(Exercise objective): Only the lines from the one that contains "Móc khóa ba" through the last line of the data below should be duplicated, exactly and without pictures.

[[ Data for analysis, beginning ]]

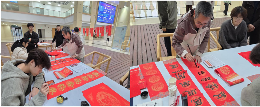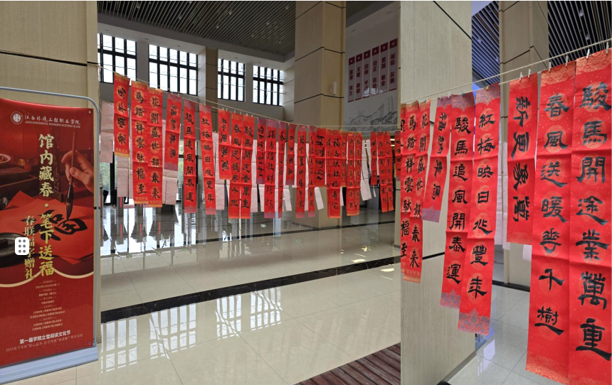 为传承中华优秀传统文化,营造喜庆祥和的节日氛围,12月24日下午,由江西环境工程职业学院图书馆主办的“馆内藏春·笔下送福”春联福字赠礼活动在图书馆二楼大厅开展。
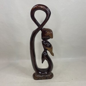 Vintage Hand Carved Wood Infinity Figure Statue of Man & Woman Kissing 18”
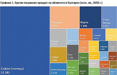 Икономиката на София (столица) логично е на първо място, сочи доклада на Института по пазарна икономика, научи Moreto.net. Докато Брутният вътрешен продукт (БВП) на Варна е 7 346 млн.лв., БВП на София (столица), въпреки пандемията, е над 51 млрд. лева през 2020 г., което представлява 42,8% от икономиката на България. Столичната икономика е над пет пъти по-голяма от икономиката на област Пловдив и седем пъти по-голяма от икономиката на област Варна. Високият растеж в националната икономика през 2021 година - над 7,6 реален и 15,3 номинален ръст на БВП, предполага и много висок ръст на икономиката на София, която най-вероятно достига нива от близо 60 млрд.лв. през 2021 г.
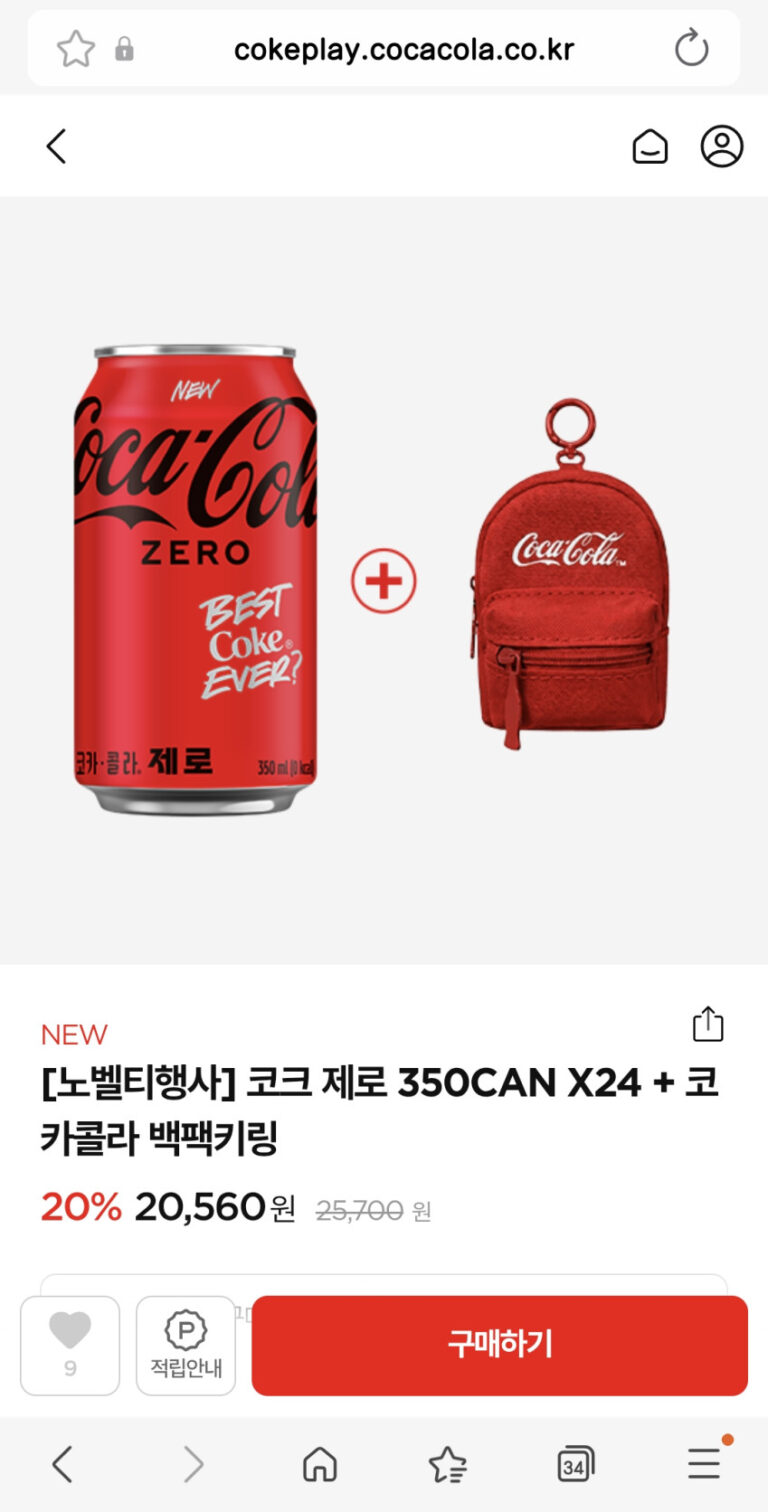 Móc khóa ba lô Coke Zero 350CAN X24 + Coca-Cola
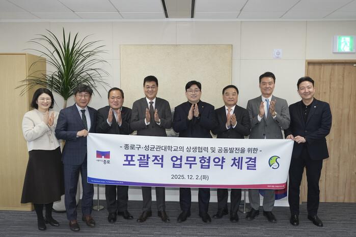 [시민일보 = 이대우 기자] 종로구(구청장 정문헌)가 최근 구청장실에서 성균관대학교와 지역사회 발전 및 미래 성장 기반 구축을 위한 ‘포괄적 업무협약(MOU)’을 체결했다.
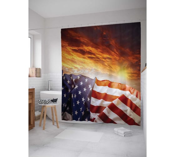 Штора (занавеска) для ванной JoyArty "Государственный флаг" из сатена, 180х200 см с крючками, sc_20686
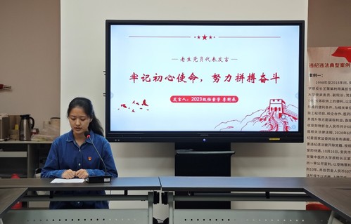 接着,学生党员代表发言。老生党员代表、2023级档案学专业李昕辰同学以“牢记初心使命,努力拼搏奋斗”为主题分享自身的心得体会。她强调,各位党员同志应牢记自己的党员身份,不忘自己肩负的责任和使命,在全面建设社会主义现代化国家的新征程中坚定信念、埋头苦干、奉献力量、成就事业。新生党员代表、2024级社会保障专业李瑶月同学围绕“激扬青春正当时,砥砺奋进新征程”主题分享自身感悟。她认为,青年党员要坚定理想信念,勇于担当作为,以青春之我、奋斗之我,铸牢信仰之魂,凝聚奋进力量,厚植为民情怀,让青春在全面建设社会主义现代化国家的火热实践中绽放绚丽之花。

[[ Data for analysis, end ]]

(Solution to this exercise):
 Móc khóa ba lô Coke Zero 350CAN X24 + Coca-Cola
 [시민일보 = 이대우 기자] 종로구(구청장 정문헌)가 최근 구청장실에서 성균관대학교와 지역사회 발전 및 미래 성장 기반 구축을 위한 ‘포괄적 업무협약(MOU)’을 체결했다.
 Штора (занавеска) для ванной JoyArty "Государственный флаг" из сатена, 180х200 см с крючками, sc_20686
 接着,学生党员代表发言。老生党员代表、2023级档案学专业李昕辰同学以“牢记初心使命,努力拼搏奋斗”为主题分享自身的心得体会。她强调,各位党员同志应牢记自己的党员身份,不忘自己肩负的责任和使命,在全面建设社会主义现代化国家的新征程中坚定信念、埋头苦干、奉献力量、成就事业。新生党员代表、2024级社会保障专业李瑶月同学围绕“激扬青春正当时,砥砺奋进新征程”主题分享自身感悟。她认为,青年党员要坚定理想信念,勇于担当作为,以青春之我、奋斗之我,铸牢信仰之魂,凝聚奋进力量,厚植为民情怀,让青春在全面建设社会主义现代化国家的火热实践中绽放绚丽之花。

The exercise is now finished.